Dataset items:
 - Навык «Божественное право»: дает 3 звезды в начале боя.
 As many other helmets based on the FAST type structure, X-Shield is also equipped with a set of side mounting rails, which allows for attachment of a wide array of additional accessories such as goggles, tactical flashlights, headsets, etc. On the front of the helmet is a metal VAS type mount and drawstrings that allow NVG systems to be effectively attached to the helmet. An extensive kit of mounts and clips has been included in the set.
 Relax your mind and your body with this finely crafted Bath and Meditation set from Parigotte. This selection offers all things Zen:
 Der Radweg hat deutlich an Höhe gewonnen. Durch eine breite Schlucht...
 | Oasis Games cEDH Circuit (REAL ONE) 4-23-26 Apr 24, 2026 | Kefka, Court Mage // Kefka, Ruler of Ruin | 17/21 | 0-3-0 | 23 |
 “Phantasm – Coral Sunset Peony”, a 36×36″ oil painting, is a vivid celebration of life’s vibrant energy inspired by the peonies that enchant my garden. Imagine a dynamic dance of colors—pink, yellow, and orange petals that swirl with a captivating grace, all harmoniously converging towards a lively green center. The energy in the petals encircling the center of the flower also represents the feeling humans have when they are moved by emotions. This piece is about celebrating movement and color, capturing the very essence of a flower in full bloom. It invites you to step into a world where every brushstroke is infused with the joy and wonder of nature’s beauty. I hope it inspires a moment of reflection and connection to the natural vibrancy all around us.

**EXERCISE PROMPT**
Please transcribe only the lines in the records above running from the line that has "Der Radweg hat" through the line that has "0-3-0 | 23 |", both included, exactly as they appear.

**WRITTEN ANSWER**
 Der Radweg hat deutlich an Höhe gewonnen. Durch eine breite Schlucht...
 | Oasis Games cEDH Circuit (REAL ONE) 4-23-26 Apr 24, 2026 | Kefka, Court Mage // Kefka, Ruler of Ruin | 17/21 | 0-3-0 | 23 |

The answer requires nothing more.